- [DATA EXTRACT]
┄┄┄┄┄┄┄┄┄┄
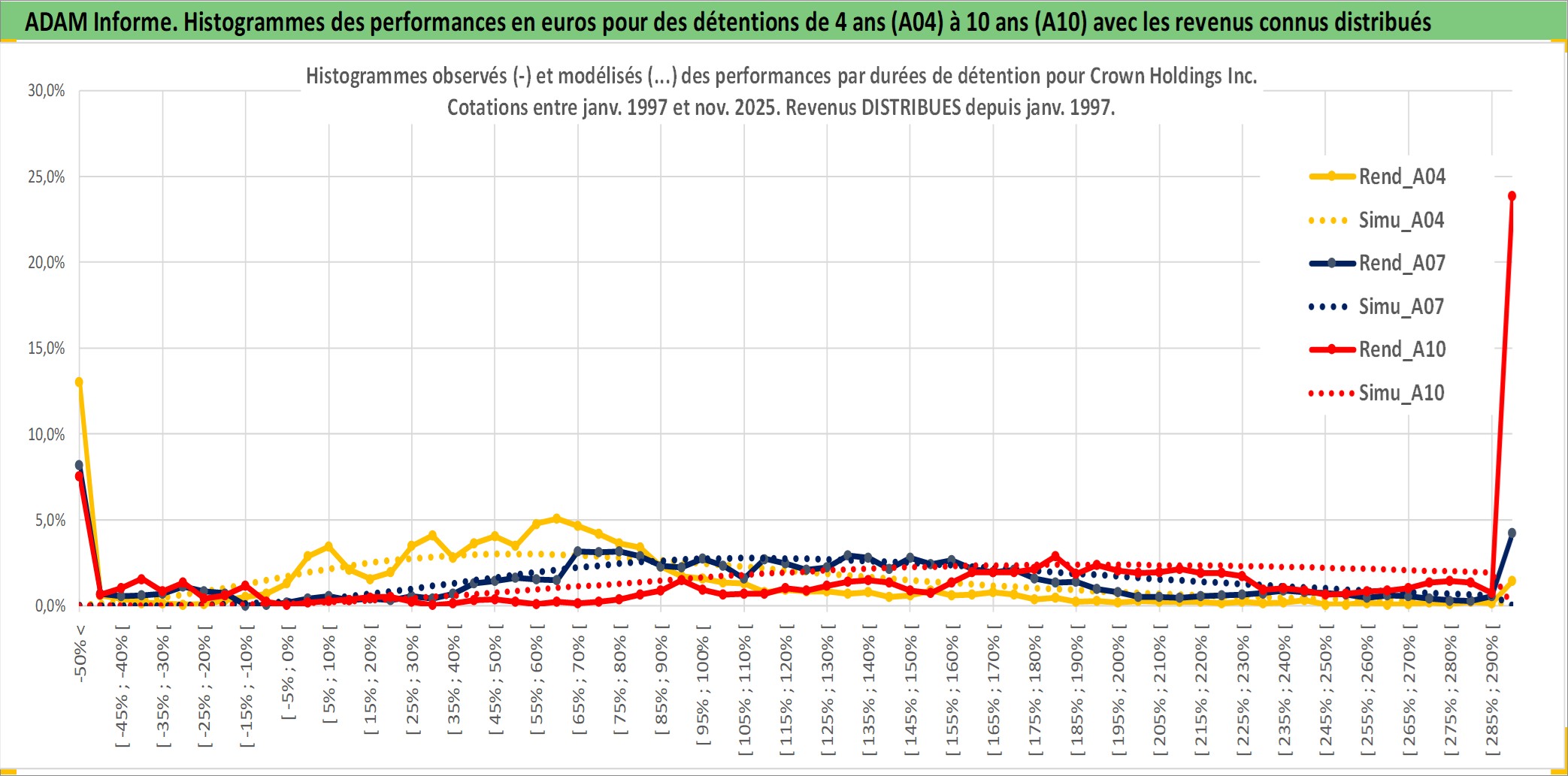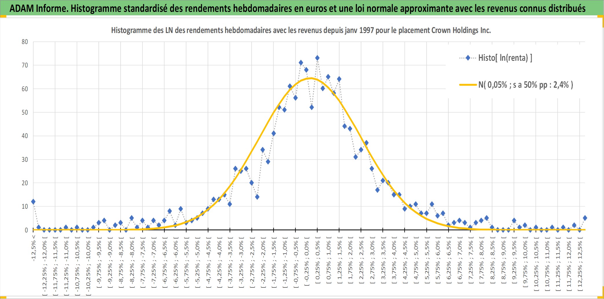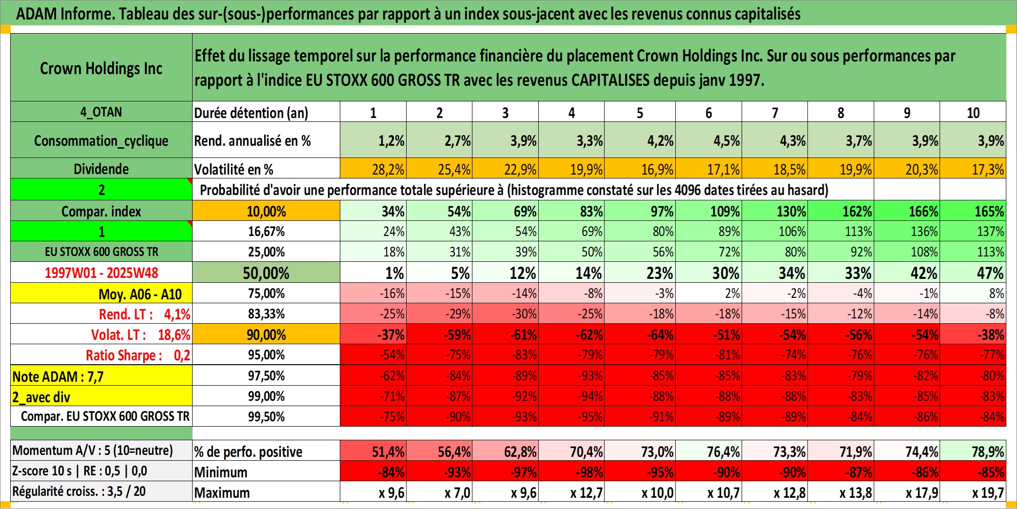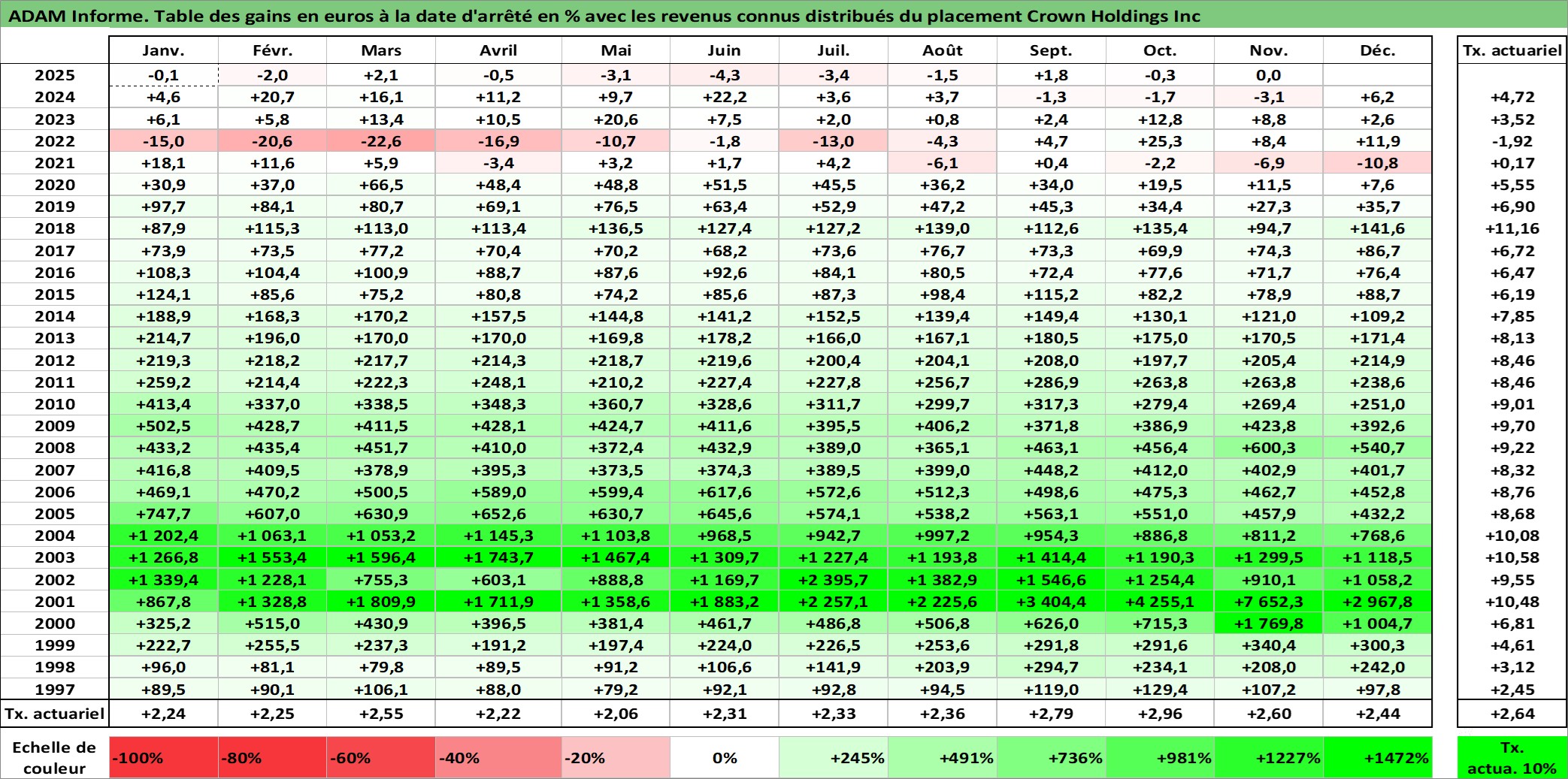 Site dédié aux investisseursPage dédiée sur site financeAnalyse des valorisations hebdomadaires de l'action Crown Holdings Inc. Cet actif est cote en USD. Les valorisations sont en contrevaleur EURO et couvrent les semaines 1997W01 a 2025W48. Les revenus de cet actif financier sont pris en compte depuis la semaine 1997W05. La note globale ESG de cet actif est estimee a 17.0 (apres rebasage entre 0 et 20).
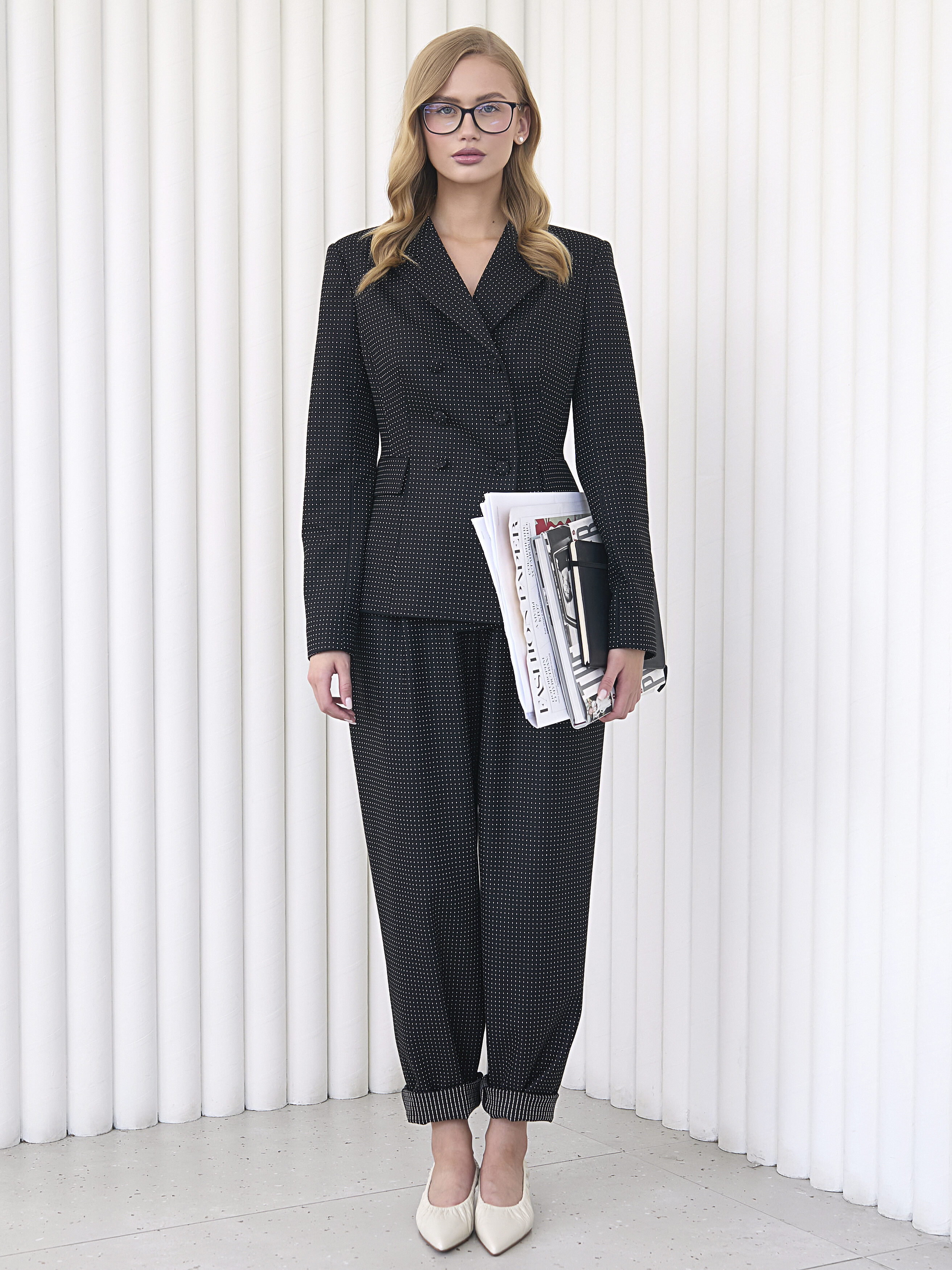 Отлично подходит для создания образов в любом стиле. Идеально сочетается с изделиями из базовой коллекции: юбкой мини и с жакетом двубортным укороченным.
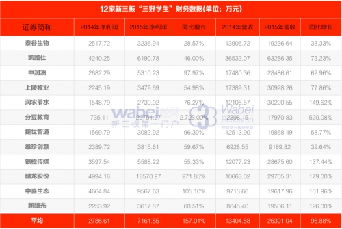 12家新三板”三好學(xué)生財(cái)務(wù)數(shù)據(jù) 從凈利潤(rùn)來(lái)看,12家公司2014年、2015年凈利潤(rùn)平均分別為2787萬(wàn)元、7162萬(wàn)元,增長(zhǎng)幅度為157%。
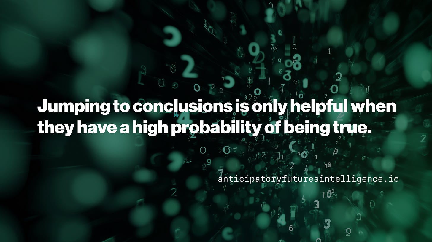 In futures scanning we typically have to make judgements and conclusions based on incomplete and contradictory information. Systems #1 Thinking helps us to notice patterns and similarities (based on past research or experience), but jumping to conclusions is only helpful when they have a high probability of being true.
┄┄┄┄┄┄┄┄┄┄
- [WORK TO BE COMPLETED] Your task is to repeat exactly the lines from the beginning of the data to the line that contains "Отлично подходит для", both ends included, leaving out pictures.

- [THE COMPLETED TASK]
 Site dédié aux investisseursPage dédiée sur site financeAnalyse des valorisations hebdomadaires de l'action Crown Holdings Inc. Cet actif est cote en USD. Les valorisations sont en contrevaleur EURO et couvrent les semaines 1997W01 a 2025W48. Les revenus de cet actif financier sont pris en compte depuis la semaine 1997W05. La note globale ESG de cet actif est estimee a 17.0 (apres rebasage entre 0 et 20).
 Отлично подходит для создания образов в любом стиле. Идеально сочетается с изделиями из базовой коллекции: юбкой мини и с жакетом двубортным укороченным.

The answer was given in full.